Efflux Transport of a New Quinolone Antibacterial Agent, HSR-903, across the Blood-Brain Barrier1

Mitsuo Murata , Ikumi Tamai , Hiroshi Kato, Osamu Nagata, Hideo Kato and Akira Tsuji

Department of Pharmacobio-dynamics, Faculty of Pharmaceutical Sciences, Kanazawa University, Takara-machi, Kanazawa Japan (M.M., I.T., Hir.K., A.T.); Research and Development Division, Hokuriku Seiyaku Co., Ltd., Inokuchi, Katsuyama, Fukui, Japan (M.M., O.N., Hid.K.); and CREST, Japan Science and Technology Corporation, Moto-machi, Kawaguchi, Japan (I.T., A.T.)

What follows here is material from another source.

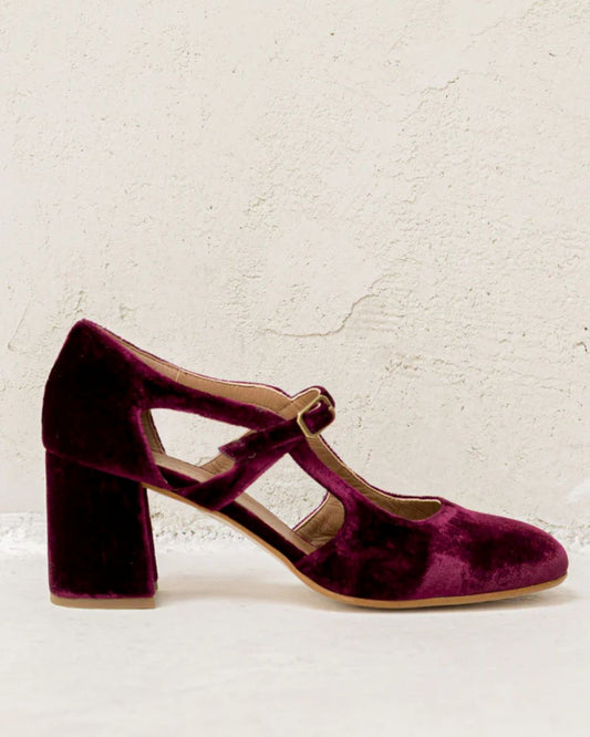 Elegante burgunderrote Samt-Sandaletten mit Knöchelriemen, Cutout und Blockabsatz [Vorbestellung]

The distribution of HSR-903, a new quinolone antibacterial agent, to the brain after i.v. administration to rats was low compared with that to other tissues. The blood-brain barrier permeability to HSR-903 determined by the brain perfusion method was low, and increased nonlinearly with increasing concentration of HSR-903 in the perfusate. When the brain-to-plasma concentration ratio (Kp,brain) was measured in mdr1a gene-knockout mice, the value was 8 times higher than that in normal mice. The uptake of [14C]HSR-903 by multidrug-resistant K562/ADM cells, which express P-glycoprotein (P-gp), was significantly lower than that by the drug-sensitive parent K562 cells. In addition, the uptake of [14C]HSR-903 by K562/ADM cells was significantly increased in the presence of cyclosporin A and ATP-depleting agents. These observations support the idea that P-gp participates in HSR-903 efflux from the brain. The steady-state uptake of HSR-903 by a monolayer of primary cultured bovine brain capillary endothelial cells was increased in the presence of several quinolone antibacterial agents or anionic compounds, such as 4,4'-diisothiocyanatostilbene-2,2'-disulfonic acid, and in bicarbonate ion-free medium, as well as by P-gp inhibitors (cyclosporin A and quinidine). These results suggested that the efflux of HSR-903 proceeds at least partly via an anion-sensitive efflux transport mechanism as well as via P-gp. In conclusion, the low brain distribution of the new quinolone antibacterial agent HSR-903 can be ascribed to multiple efflux mechanisms including P-gp and an unidentified anion-sensitive transporter operating in the brain capillary endothelial cells that constitute the blood-brain barrier.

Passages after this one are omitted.